MOR202 is an experimental bispecific antibody for the treatment of relapsed and refractory multiple myeloma in combination with Revlimid (lenalidomide) and dexamethasone. MOR202 binds to CD38 on myeloma cells and also to natural killer (NK) cells. This brings NK cells in close proximity to, and helps in the destruction of, the myeloma cells. MOR202 is being tested in Phase 1, 2, and 3 trials for the treatment of myeloma.

TAK-079 is an experimental CD38 inhibitor that has high affinity for the CD38 protein found on myeloma cells. Binding of TAK-079 to CD38 triggers the programmed death of myeloma cells. TAK-079-bound myeloma cells also can be killed by other antibodies or complement proteins by phagocytosis. An open-label Phase 1/2a trial is testing TAK-079 administered subcutaneously as a single agent in patients with relapsed and refractory multiple myeloma.

TAK-169 is an engineered toxin body that functions as a CD38 inhibitor for the treatment of relapsed and refractory multiple myeloma. TAK-169 is engineered to evade any immune response. Once bound to CD38, it gets internalized into the myeloma cells and targets the ribosome, blocking protein synthesis — leading to the death of the myeloma cell. TAK-169 is being tested in an open-label Phase 1 trial, which is currently recruiting.

Zevorcabtagene autoleucel, or zevor-cel, is an experimental CAR T-cell therapy being developed by Carsgen Therapeutics for people with multiple myeloma.
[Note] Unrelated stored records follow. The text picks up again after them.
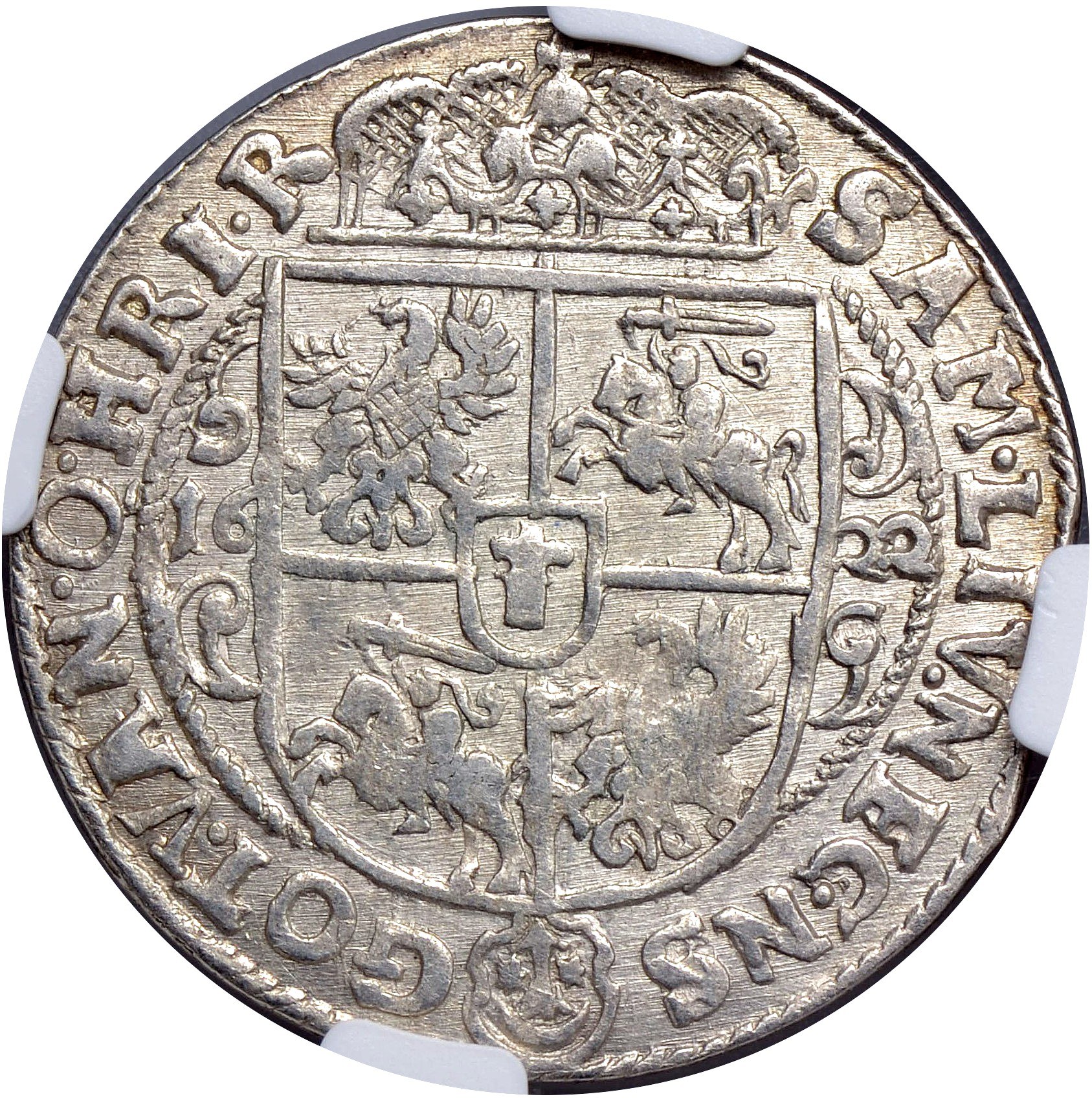 Korona w rzadszej odmianie – trzy rozety w obręczy i dwie na fleuronach.Błąd w legendzie – brak litery V w wyrazie NSV. Rzadka moneta.
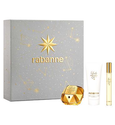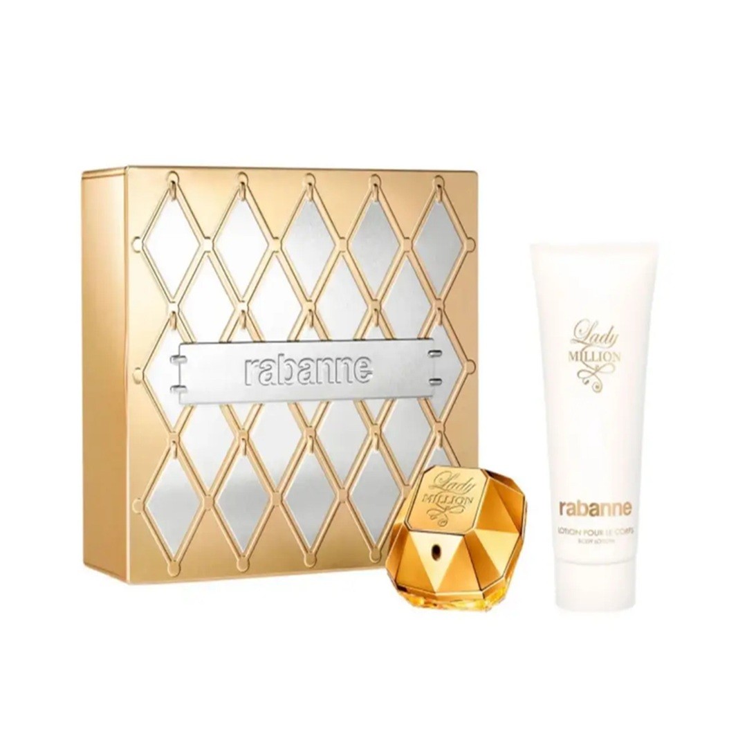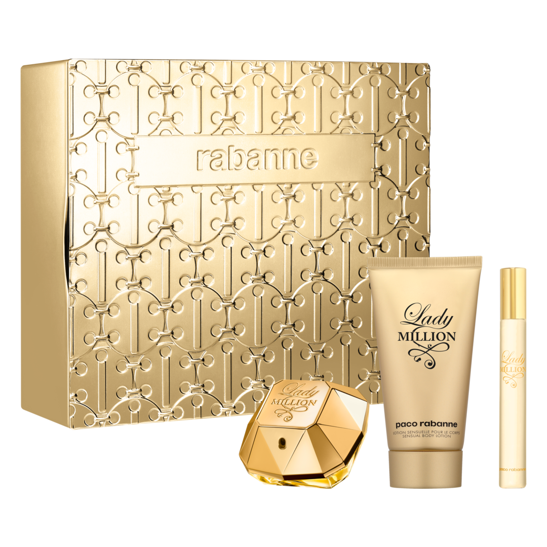 Explore our collection of Lady Million perfume gift sets. Compare prices and discover the perfect gift for her. Our selection includes the Paco Rabanne Lady Million edp 50ml + BL 75ml for Women set, the Paco Rabanne Lady Million Gift Set with EdP 50ml and body lotion 75ml, and the Rabanne Lady Million Eau de Parfum & Body Lotion Gift Set. Find the ideal present and take advantage of our price comparison features today.
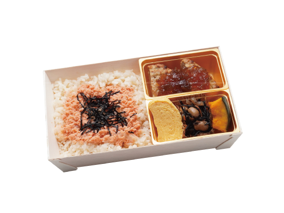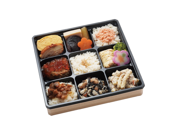 おだしがきいた様々なおかずと、鮭やあさりの佃煮、炒りごまを乗せただし炊き込みご飯を彩り豊かに詰め合せたお弁当です。ぽん酢ジュレがけのハンバーグや粗挽き胡椒のマカロニサラダなど、冬季限定のお惣菜もお楽しみいただけます。
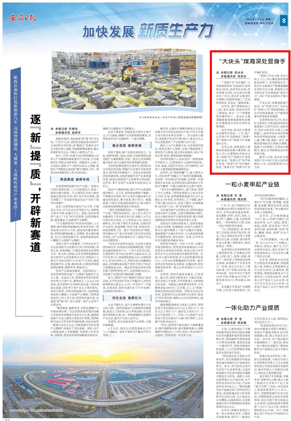 《安徽日報》:“大塊頭”煤海深處顯身手
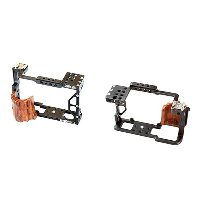 This updated cage is exclusively designed for Sony A7III. Sony A7III Camera cage is form-fitting aluminium exoskeleton that protects your camera well while also offering mounting options for attaching accessories. In the box: Camera Cage for Sony A7III Top handle Features: Access open to SD card slot, battery compartment, Multi-Interface Shoe, and all buttons/controls. Charging of battery without removing the camera. Light weight cage with walnut hand grip for comfortable handheld working. Lightweight cable clamp included that screw into any of the 1/4″-20 threads holes. Corners of Cage are made comfortable for handheld working.
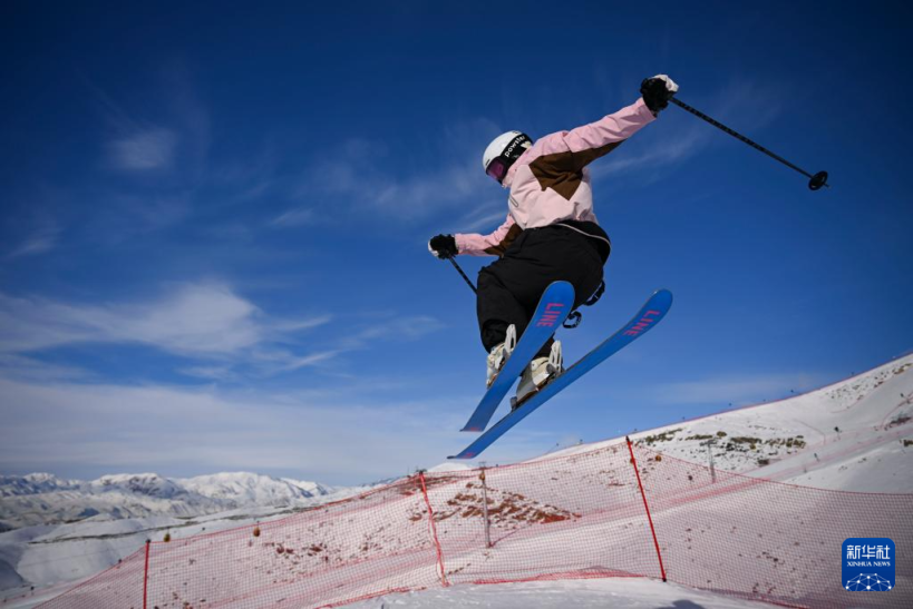 农历除夜当天,雪友在新疆阿勒泰将军山滑雪公园飞越跳台(1月28日摄)。新华社记者 胡虎虎 摄
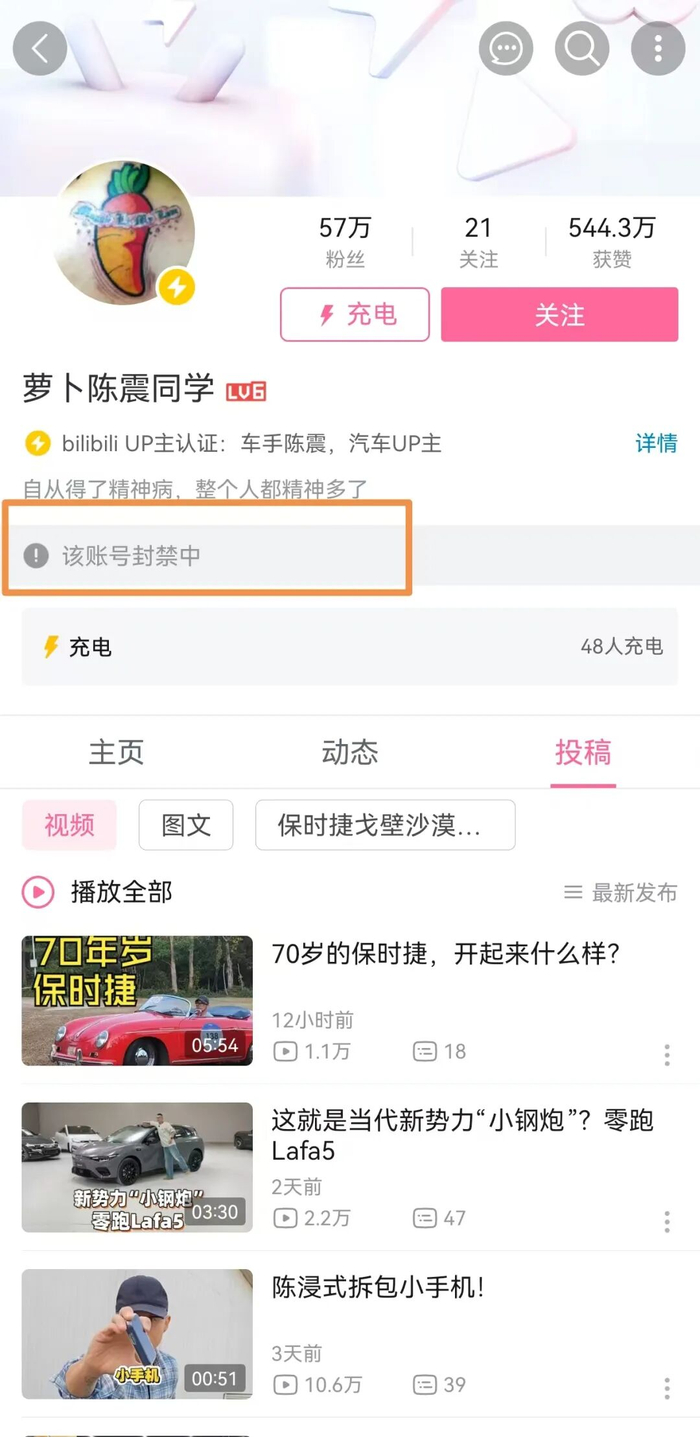 陈震B站账号主页显示,该账号封禁中。
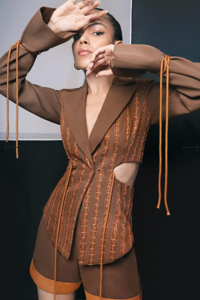 Blazer with cutouts, intricate handwork and tie-up details paired up with shorts
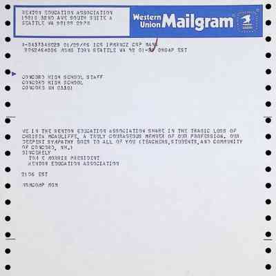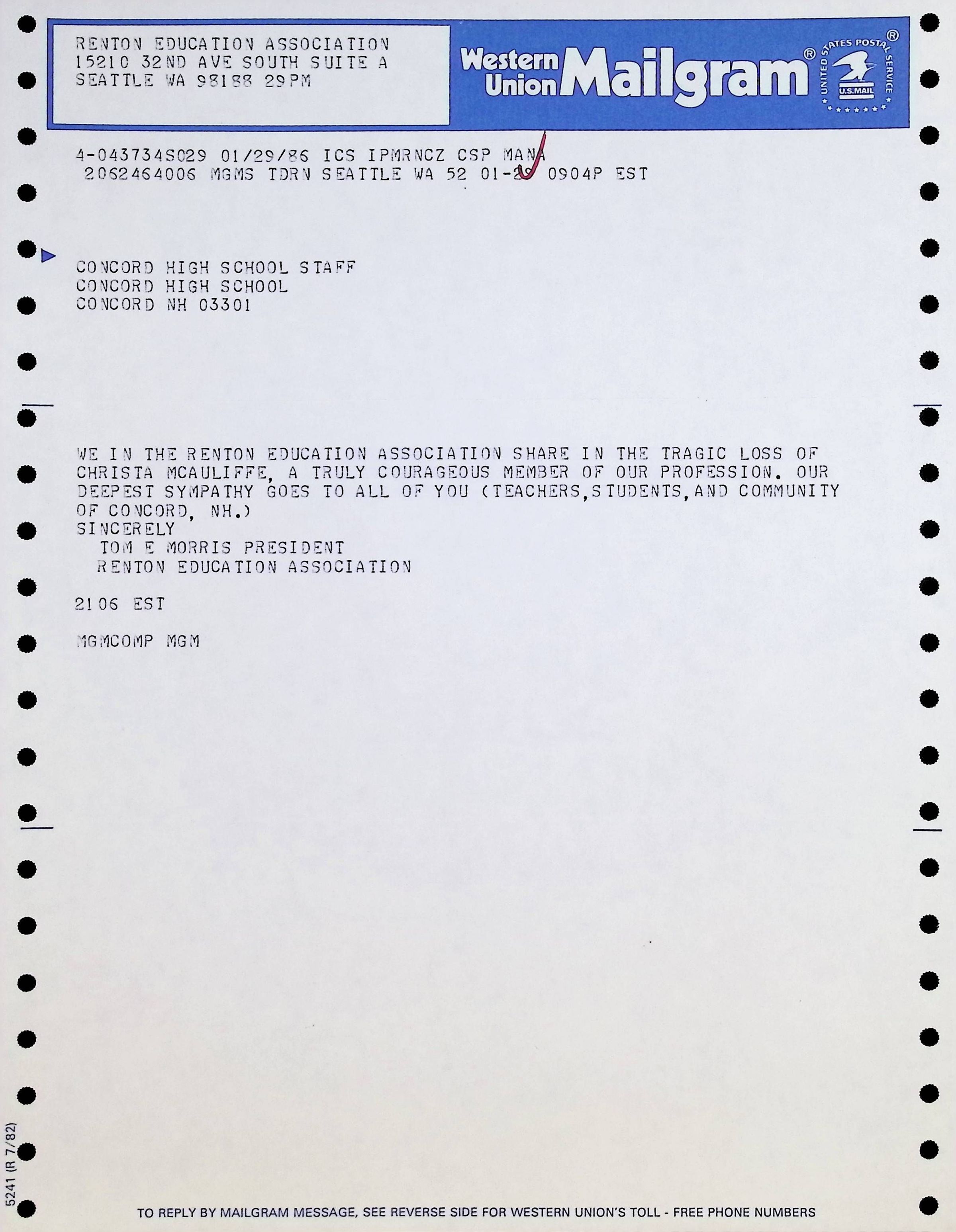 Western Union Mailgram To Concord High School from Renton Education Association Dated 1/29/1986
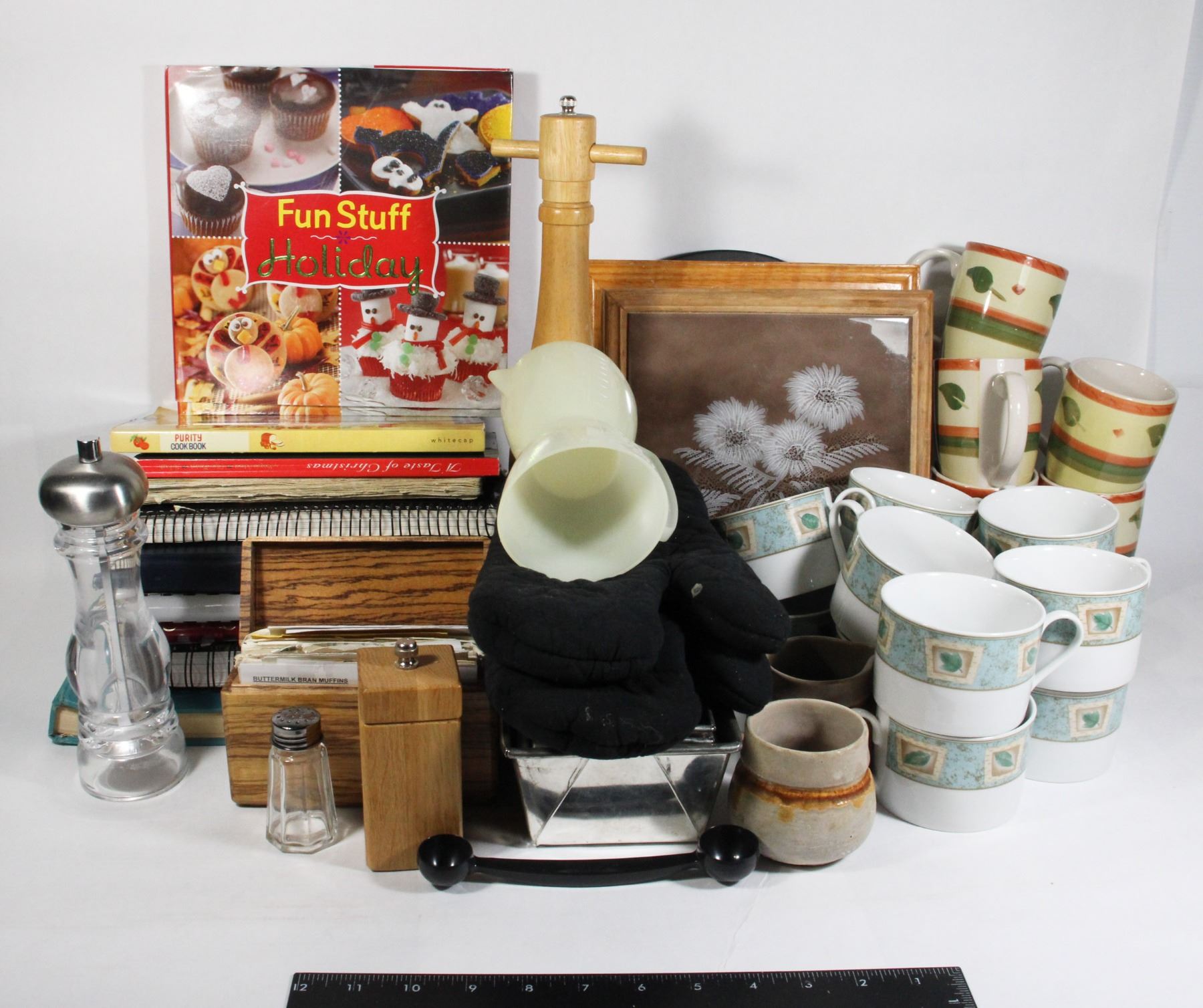 MIXED KITCHEN LOT: COOKBOOKS, SALT PEPPER SHAKERS,
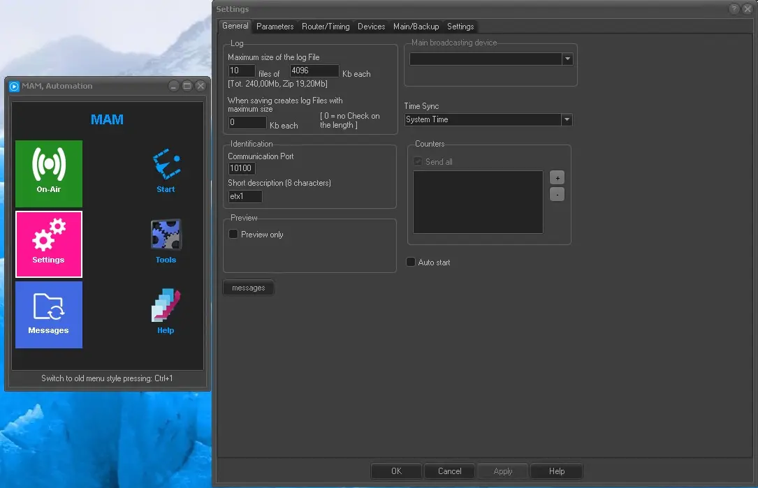 The Settings window allows you to customize the way Etere Automation works; its parameters are divided across different tabs, including General, Parameters, Router/Timing, Devices, Main/Backup, Customize Colors and Columns:
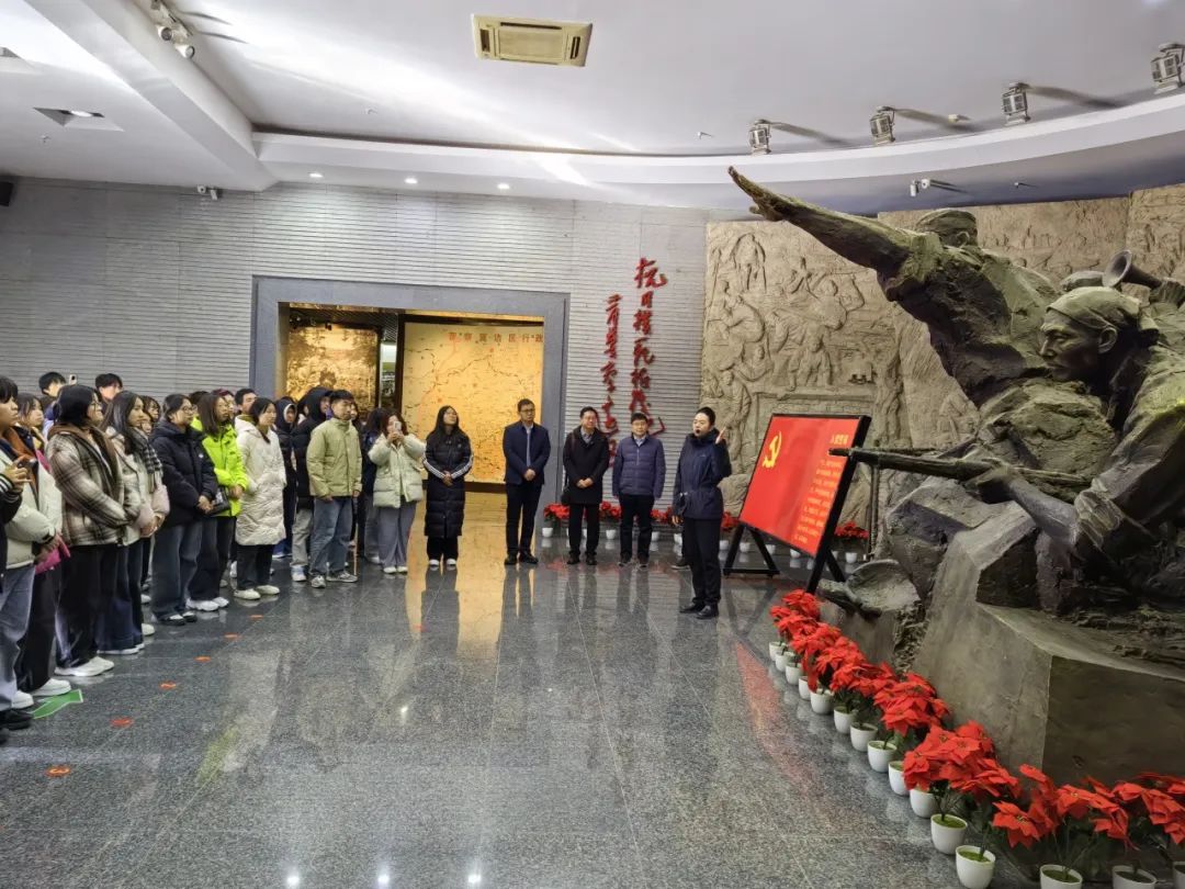 上午春风树服饰有限公司总经理王海宾带领师生参观了晋察冀边区革命纪念馆。在晋察冀边区革命纪念馆及晋察冀司令部旧址,学生们认真聆听讲解员的讲解,通过观看一幅幅珍贵的照片、一件件历史文物,切身感受到了晋察冀根据地军民在抗日战争中书写的壮丽篇章,进行了一次现场版的爱国主义教育。

The therapy is designed to help immune T-cells more efficiently target and kill cancer cells. It is given via a one-time intravenous infusion.

Zolinza (vorinostat) is an HDAC inhibitor approved for the treatment of T-cell lymphomas. Results from a Phase 2 trial showed that a combination of Zolinza and Velcade (bortezomib)  ay also benefit patients with relapsed and refractory multiple myeloma. A Phase 1 trial showed that adding Zolinza to Revlimid maintenance therapy after an autologous hematopoietic stem cell transplant improved transplant response and prolonged survival outcomes.